Imitation Learning for Mean Field Games with Correlated Equilibrium
Imitation Learning for Mean Field Games with Correlated Equilibrium
Conducting imitation learning (IL) on a population of agents is a challenging problem as agents' interactions grow exponentially with the population size. Mean field games study the many-agent problem by focusing on the interaction between each individual agent with the population mean effect. Though tractable, it is highly non-trivial to restore mean field Nash equilibrium (MFNE) from demonstrations. Importantly, there are many examples in reality that cannot be explained by MFNE. For example, the behaviour of bird flocks or fish schools occurs under a correlated signal. To accommodate for this, we put forward a novel solution concept named mean field correlated equilibrium (MFCE).

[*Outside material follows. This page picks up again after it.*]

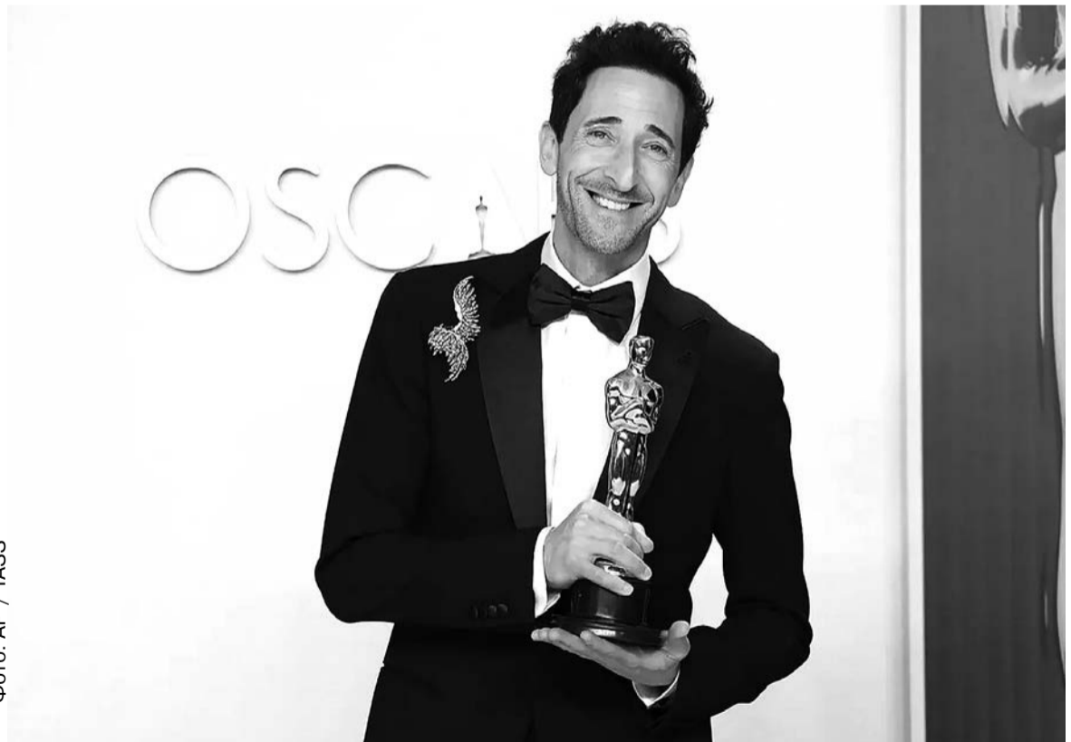
Эдриан Броуди с наградой за лучшую мужскую роль

P.S. «Оскар» стремится соответствовать прогрессивным умонастроениям. Поэтому среди награжденных должны быть люди разных рас и цвета кожи. Должны быть подняты острые политические темы. В категории «Лучший документальный фильм» награду получила картина «Нет другой земли» об арабо-израильском конфликте. Эта картина, снятая международной командой, получила и на «Берлинале»-2024 награды. А лучшим анимационным фильмом стал «Поток» — путешествие котика и его друзей по реке жизни без лишних слов обошел гигантов «Диснея». Это первый «Оскар» в истории Латвии.

We show in theory the existence of finite MFCE and the fact that MFNE is a subclass of MFCE. To bypass equilibrium selection problem, we further propose the maximum entropy MFCE. To recover MFCE policy from demonstrations, we introduce an IL framework based on generative adversarial training. Our IL framework can recover not only the policy but also the correlation device. Given the mean-field dynamics may not be measurable in reality, we adopt the signature from rough path theory to represent it. We illustrate the performance of our framework by comparing the state-of-the-art mean field imitation learning algorithm on several tasks.
The experiment is based on the movement of fish. In nature, fish spontaneously align velocity according to the overall movement of the fish school, so that the final fish school forms a stable movement velocity.
We set the dimension of signal space to be 4. Under each signal, the fish will head for a certain direction. Each direction is corresponding to one policy.
The left view shows the policy recovered by MFIL, and the middle view shows the expert policy. The right view shows the policy recovered by MFIRL.
As shown in the video, the policy recovered by MFIL can match the expert policy after training while MFIRL not.
Sequential Squeeze is a game with multi-step. The purpose to implement this game is to verify the ability to recover expert policy through demonstrations sampled from the multi-step game.
In this experiment, a school of birds will pass a passage separated by two columns. The birds have to decide whether to cross the left passage or the right passage. The proportion of birds passing through the left and right channels shows the policy adopted by the birds.
The left view shows the policy recovered by MFIL, and the middle view shows the expert policy. The right view shows the policy recovered by MFIRL.
As shown in the video, the policy recovered by MFIL can match the expert policy after training while MFIRL not.